Il castello di Ussel venne abitato dagli Challant fino al 1470. Dopo la morte dell'ultimo signore di Ussel,
Francesco di Challant, la famiglia decise di trasferirsi in altre dimore più confortevoli, così l'edificio venne
adibito prima a prigione e poi a caserma. Nel corso del XVI secolo fu completamente spogliato del materiale bellico
e degli arredi e definitivamente abbandonato. Nel 1556 fu acquistato dal Capitano Paolo di Madruzzo, ma nel 1573
ricomprato dagli Challant. Nel 1846, con l'estinzione della potente famiglia, tutti i possedimenti furono ereditati
dai Passerin d'Entrèves. Nel 1963 vennero intraprese delle operazioni di consolidamento durante le quali si inserirono
delle "chiavi" allo scopo di evitare il crollo del muro a valle.

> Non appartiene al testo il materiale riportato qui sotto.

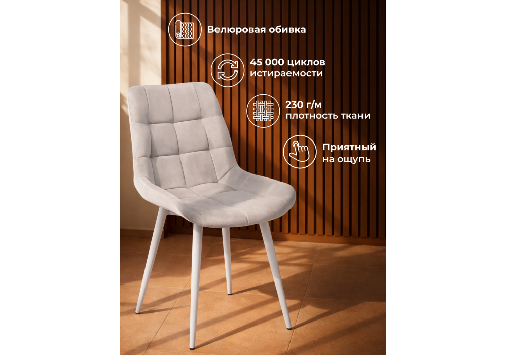 Материал каркаса - металл; Материал сиденья - велюр; Материал обивки - велюр; Цвет ножек - серый; Ширина - 50; Глубина - 60; Высота - 80; Ширина сиденья - 44; Глубина сиденья - 41; Высота сиденья - 48;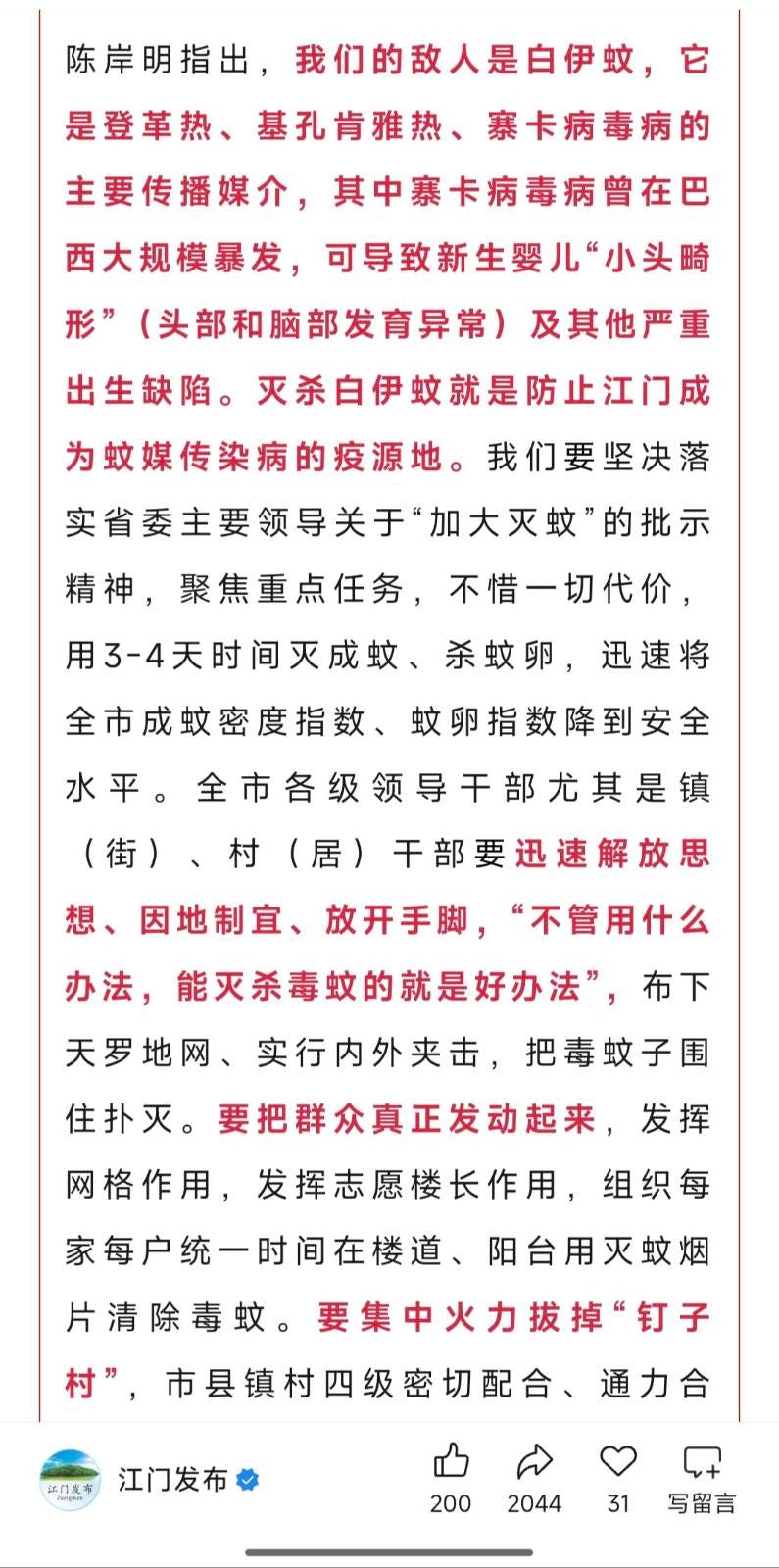 在江门市政府的政务号文章里,可以窥见这场“防蚊战役”的严峻与急迫。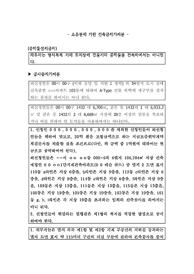 건축금지가처분 등 신청취지 기재례 요약정보 및 구매

La famiglia Passerin d'Entrèves nel 1983 donò il castello alla Regione, che ne intraprese il restauro grazie ad
un cospicuo finanziamento del barone Bich, famoso industriale originario di Châtillon. I lavori, iniziati
nel 1988, sono rimasti fermi per diversi anni e terminati solo nel 1999. In quell'anno è avvenuta l'inaugurazione
del castello, adibito a struttura espositiva, con una mostra dedicata alla vita del promotore, divenuto famoso per
le sue penne (Bic!). Ogni anno il castello di Ussel ospita al suo interno un'esposizione. A partire dal 2000,
anno della mostra sul passaggio di Napoleone in Valle, i visitatori possono accedere anche al tetto dell'edificio
e, percorrendo il nuovo "cammino di ronda", hanno il privilegio di poter ammirare lo splendido panorama.
La costruzione del castello di Ussel è stata condizionata da una complessa lite di famiglia sorta in seguito
alla morte del capostipite Ebalo Magno di Challant. Quest'ultimo aveva nominato eredi in pari grado i suoi
quattro figli: Pietro, Giacomo, Bonifacio e Giovanni ed i figli del primogenito Goffredo, morto da tempo:
Aimone, Guglielmo ed Ebalo. Come dimostrato da un'ordinanza del 1324, gli zii avrebbero dovuto lasciare ai
nipoti la metà dell'intero asse ereditario, ma ovviamente non si trovarono d'accordo.
La disputa tra le due parti, continuò per diversi anni, durante i quali si fecero diversi tentativi di accordo
che però non riuscirono mai ad andare a buon fine.
Nel 1333 Pietro di Challant, anche a nome dei suoi fratelli, ordinò: "A tutti li uomini abitanti a Ussel
inferiormente sino al mandamento di Verrez, di dovere per l'avvenire obbedire e soddisfare alli signori Guglielmo
di Challant, canonico di Padova, ed alli signori cavalieri Eballo ed Aymonetto, suoi fratelli, signori di Fénis".
Finalmente nel 1337 si giunse ad un accordo che segnò la fine della lunga disputa. In particolare, Pietro, Giacomo,
Bonifacio e Giovanni riconoscevano al nipote Aimone il feudo di Fénis e all'altro nipote Ebalo i feudi di
Saint-Marcel e Ussel. Inoltre, ad Ebalo venne riconosciuto il diritto di costruire ad Ussel un castello, ma ciò
non prima che fossero trascorsi sei anni dalla firma dell'accordo, quindi a partire dal 1343.
L'accordo che Ebalo II di Challant aveva stipulato con gli zii, non gli permetteva di costruire il castello di Ussel prima del 1343. I dati in seguito riportati confermano quest'ultima data come anno di costruzione; evidentemente il signore di Saint-Marcel e di Ussel cominciò i lavori appena possibile.
Zanolli, interpretando una pergamena trascritta dal Mochet, ci ha fornito un'ipotesi circa la datazione del castello:
"Accipe caput mittonis
cati, como e caponis
visum hominum duorum
octava die aprilis
dominus Ebalus nobilis
primium lapidem posuit
in castro quod constituit
in quodam monte Usselli"
....
"Prendi il capo di Montone (M)
di Cati, Como e Caponis (CCC)
lo sguardo di 2 uomini(XX, XX)
le teste di 3 giumente (III)
8 aprile
Ebalo il Giovane
...
..."
Questa interpretazione è stata in seguito confermata dai risultati delle analisi dendrocronologiche condotte sui frammenti delle travi dei solai ancora murate all'interno della struttura.